[WORK TO BE COMPLETED]
The answer should hold only the lines from the one that contains "[노트펫] 입양한 반려견이" through the last line of the material, repeated exactly, without pictures.

[DATASET CONTENT]
==========
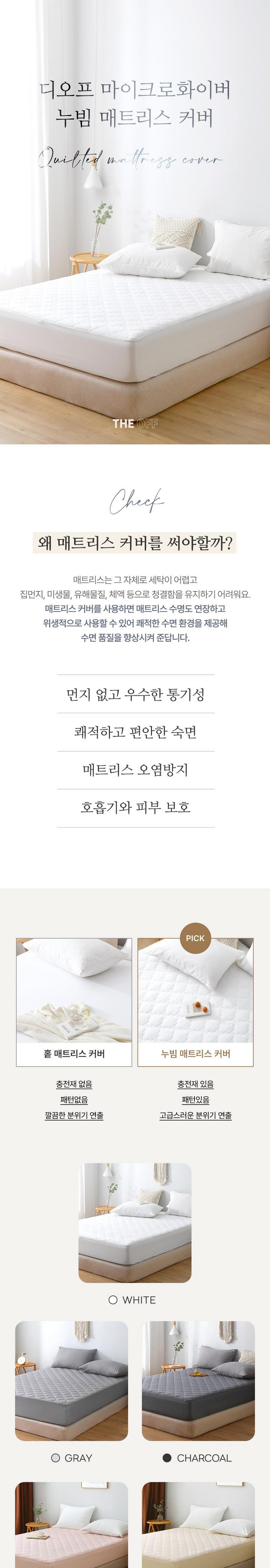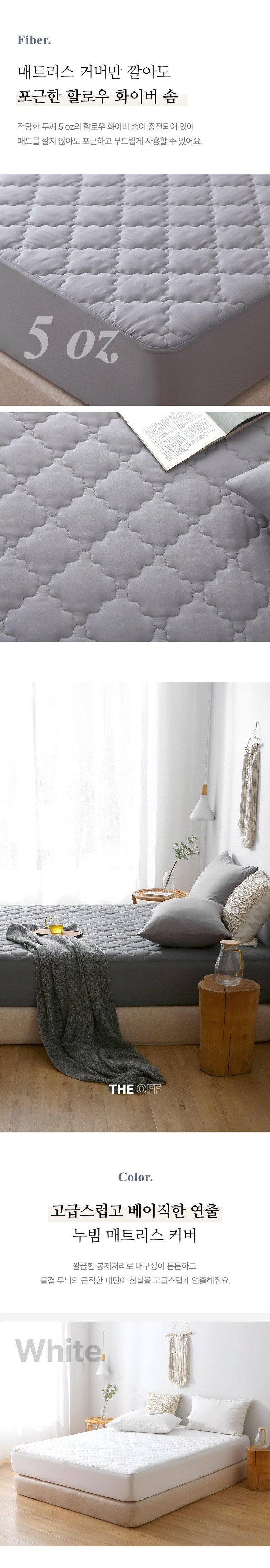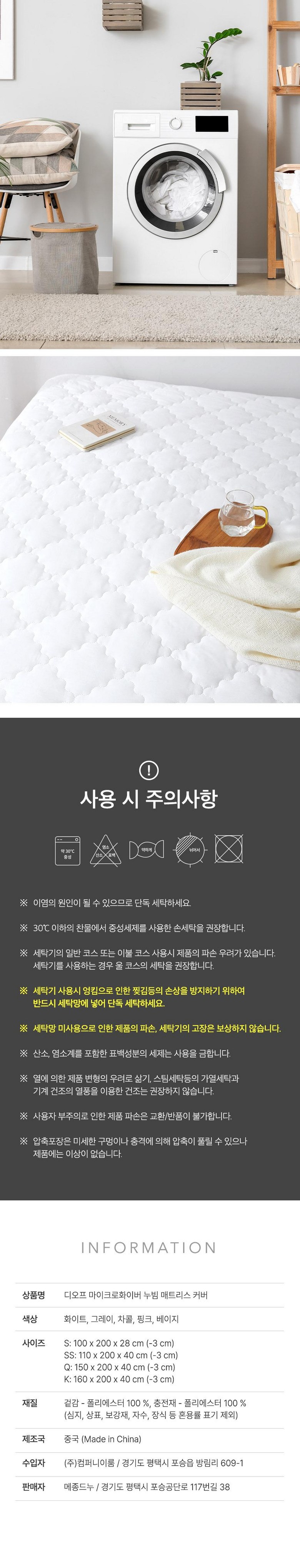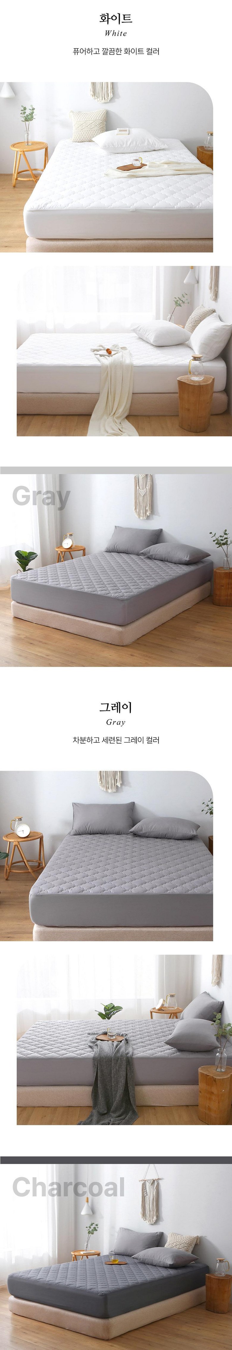 | 치수 | S: 100 x 200 x 28 cm , SS: 110 x 200 x 40 cm, Q: 150 x 200 x 40cm | 제품구성 | 누빔매트리스커버 1장 |
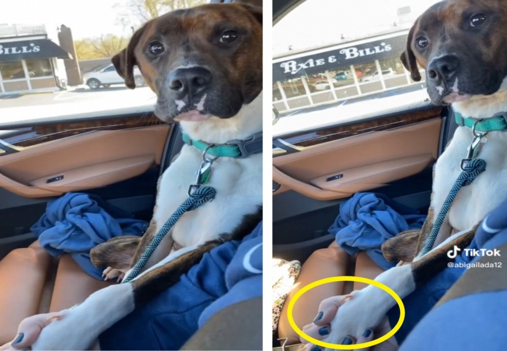 [노트펫] 입양한 반려견이 집으로 가는 차 안에서 내내 새 주인의 손을 잡고 애틋한 마음을 표현했다.
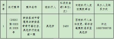 为进一步规范执行案款收发、管理,完善执行案款管理工作,维护当事人合法权益,防患廉政风险,现将新安县人民法院拟向被执行人发放案款的金额公示如下:
==========
[SOLUTION]
 [노트펫] 입양한 반려견이 집으로 가는 차 안에서 내내 새 주인의 손을 잡고 애틋한 마음을 표현했다.
 为进一步规范执行案款收发、管理,完善执行案款管理工作,维护当事人合法权益,防患廉政风险,现将新安县人民法院拟向被执行人发放案款的金额公示如下:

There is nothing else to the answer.